Two new books cause us to remember things that most would like to forget. The Half-Life of History: The Atomic Bomb and Wendover Air Base and Chernobyl Zone (I) look at the Atomic Age through photographs.
The first photographic essay The Half-Life of History: The Atomic Bomb and Wendover Air Base is by photographer Mark Klett and focuses on the Wendover Air Base airfield where the Enola Gay was built before it dropped an atomic bomb on Hiroshima in 1945. Wendover was taken out of commission in 1949 and has been decaying since then.
The second title Chernobyl Zone (I) is a book of photographs by the Russian photographer Andrej Krementschouk. His collection brings us into the restricted area around Chernobyl where a melt down took place at Reactor No. 4 in April 1986.

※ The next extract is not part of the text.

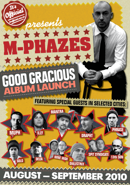 After spending two long years crafting his masterpiece, M-Phazes released his debut album Good Gracious to critical acclaim, debuting at #20 on the Aria charts and #1 on the independent AIR charts. M-Phazes has proven himself a production force to be reckoned with having produced tracks on almost every major Australian release in the last few years (Bliss N Eso, Phrase, Drapht etc) and landing placements with a who’s who of the US music industry (Pharoahe Monch, Amerie, M.O.P. etc).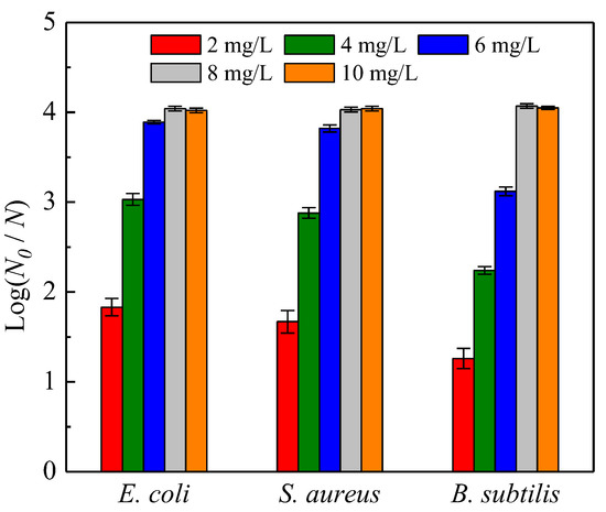 Each sample was carried out in triplicate, and their average value was used as the final result. The inactivation ratio took the form of log(N0/N), where N0 denotes the quantity of available microorganism before the disinfection treatment.

Both books examine how life goes on after these disasters. The Wendover title looks at a deserted landscape where above the sky may be blue but looks down on a remains of a building that brought a horror to the Japanese people. The Chernobyl title looks at more devastation, not at a deserted landscape but at a group of people who were there when the melt down happened. They lived there under the blue sky on April 4, 1986 and they still live there trying to cope with the disaster that for many destroyed their way of life. Krementschouk writes, "It’s a hymn to life, if you will — to live in a place where living is virtually impossible."